Defendant does not object to plaintiffs' suggestion that defendant bear the costs of notice in this matter. Although the costs of notifying the class typically are borne by the plaintiff "as part of the ordinary burden of financing his own suit," Eisen v. Carlisle and Jacquelin, 417 U.S. 156, 178, 94 S.Ct. 2140, 2153, 40 L.Ed.2d 732 (1974), the court has some discretion in allocating the burdens of complying with the requirements of Rule 23, see Oppenheimer Fund, Inc. v. Sanders, 437 U.S. 340, 342, 98 S.Ct. 2380, 2385, 57 L.Ed.2d 253 (1978). This discretion is properly exercised to require the defendant to bear the costs of notice when the court has already found the defendant liable on the class claims. See, e.g., Hunt v. Imperial Merchant Services, Inc., 560 F.3d 1137, 1143-44 (9th Cir. 2009); Macarz v. Transworld Systems, Inc., 201 F.R.D. 54, 58-59 (D. Conn. 2001); Hartman v. Wick, 678 F.Supp. 312, 328-29 (D.D.C. 1988); Catlett v. Missouri Highway and Transportation Commission, 589 F.Supp. 949, 951 (W. D. Mo. 1984); Kyriazi v. Western Electric Co., 465 F.Supp. 1141, 1147-48 (D.N.J.1979); Stastny v. Southern Bell Telephone & Telegraph Co., 458 F.Supp. 314, 353 (W.D.N.C.1978); Meadows v. Ford Motor Co., 62 F.R.D. 98, 101 (W.D. Ky. 1973), modified on other grounds, 510 F.2d 939 (6th Cir. 1975), cert. denied, 96 S.Ct. 2215 (1976). I likewise find it appropriate to require defendant to bear these costs in the particular circumstances of this case.

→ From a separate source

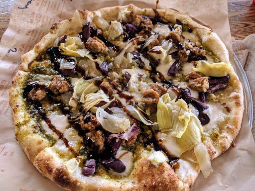 I liked it a lot but not perfect. The particular pizza I had (green stripe) I felt was a bit dry, the flavor from the pesto drizzle was not very identifiable. I think I will try other combinations to see if I like them better but I had to try the pesto first since I am a sucker for all things pesto! Staff is friendly, service quick and the pie is ready in a few minutes. Crust had the right amount of char to add flavor to the overall experience. Plenty of seating. Prices are good.

THEREFORE IT IS ORDERED as follows:

1. That Plaintiffs' Proposed Plan of Notice [#136], filed October 8, 2014, is APPROVED;

2. That the three, proposed forms of notice, included as Attachment 2 to Exhibit A Plaintiffs' Proposed Plan of Notice [#136], filed October 8, 2014, are APPROVED;

3. That defendant SHALL BEAR the costs of affording notice to the class; and

4. That a telephonic setting conference IS SET for January 20, 2015, at 10:00 a.m. (MST) to set this matter for evidentiary hearing on statutory damages or such other proceedings as may be warranted; provided, further, that counsel for plaintiffs shall arrange, initiate, and coordinate the conference call necessary to facilitate the setting conference.

FootNotes


1. "[#136]" is an example of the convention I use to identify the docket number assigned to a specific paper by the court's case management and electronic case filing system (CM/ECF). I use this convention throughout this order.
2. The sole decision even mentioning section 1640(g) in a class action is Hook v. Baker, 352 F.Supp.2d 839, 843 n.1 (S.D. Ohio 2004). The reference to section 1640(g) in that case, however, is rank dicta, bearing no relation to the issues actually resolved by the court, and therefore not addressed or analyzed in any manner that is helpful to the issue squarely presented here.